[INPUT DATA — start]
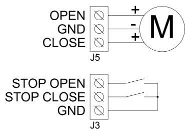 W złączu J3, między GND a STOP OPEN, powinien być włączony ten wyłącznik krańcowy, który ulegnie zwarciu po całkowitym otwarciu zaworu. Z kolei między GND i STOP CLOSE należy włączyć ten, który wykryje całkowite zamknięcie zaworu. Silnik, podłączony do zacisków złącza J5, powinien mieć trzy wyprowadzenia: jeden wspólny zacisk masy i dwa zaciski dodatnie, służące ruchowi w kierunku otwarcia (OPEN) i zamknięcia (CLOSE) zaworu.
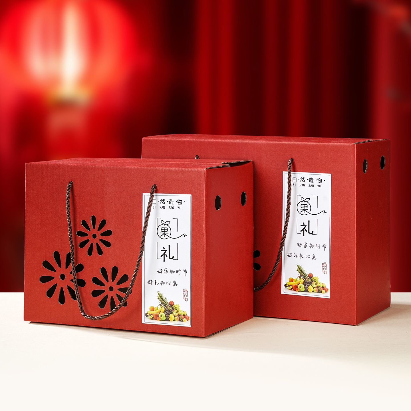 红色礼盒包装纸提平口屋顶
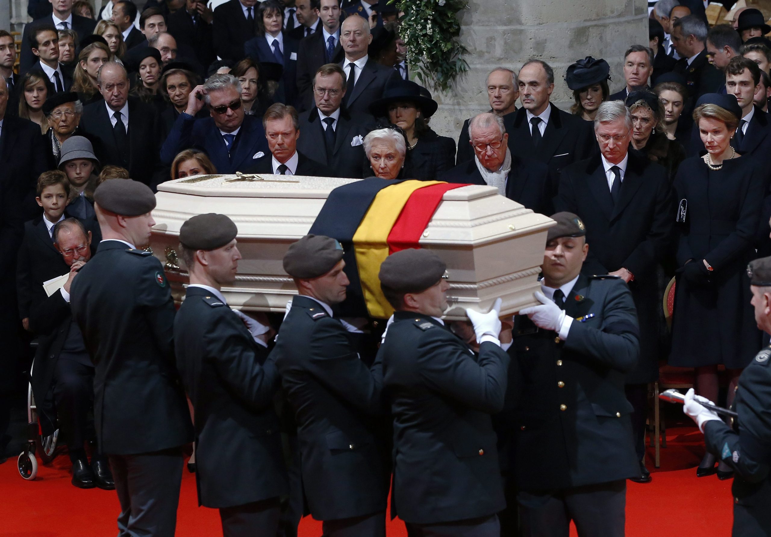 Το φέρετρο από ανοιχτόχρωμη βελανιδιά, πάνω στο οποίο είχε τοποθετηθεί μια μικρή βελγική μαύρη, κίτρινη και κόκκινη σημαία, μεταφέρθηκε μέχρι τη βάση της μεγάλης κλίμακας των ανακτόρων. Το ακολουθούσε η βασιλική οικογένεια, με πρώτα τα τέσσερα νεαρά παιδιά του βασιλιά Φιλίππου και της βασίλισσας Ματθίλδης, ανάμεσά τους και η 13χρονη πριγκίπισσα διάδοχος Ελισάβετ.
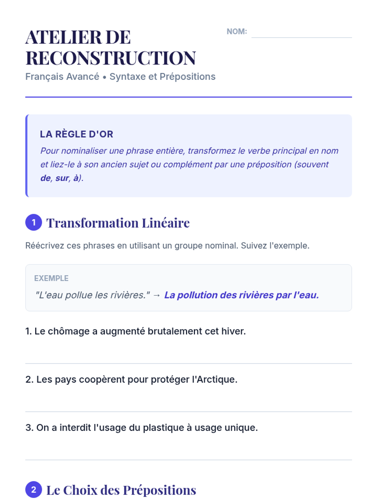 Students explore the shift from verbal to nominal structures to understand how academic French achieves a formal tone. They compare different registers and identify the impact of nominalization on sentence density.
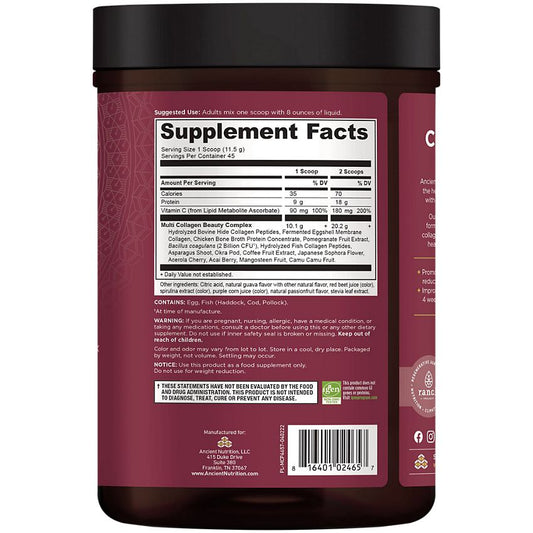 Ancient Nutrition|Guava Passionfruit|Multi Collagen Protein Powder|Beauty Within (45 Servings)
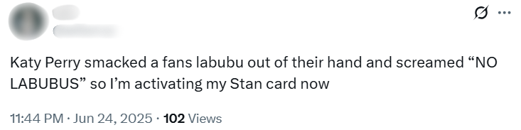Earlier this month, at another concert in Australia, Perry was also seen widening her eyes after seeing a fan holding a Labubu in the crowd.
[INPUT DATA — finish]
EXERCISE
Write out again only the lines from the line that contains "Ancient Nutrition|Guava Passionfruit|Multi" through the last line of the records, both ends included, without any of the pictures.

RESULT
 Ancient Nutrition|Guava Passionfruit|Multi Collagen Protein Powder|Beauty Within (45 Servings)
Earlier this month, at another concert in Australia, Perry was also seen widening her eyes after seeing a fan holding a Labubu in the crowd.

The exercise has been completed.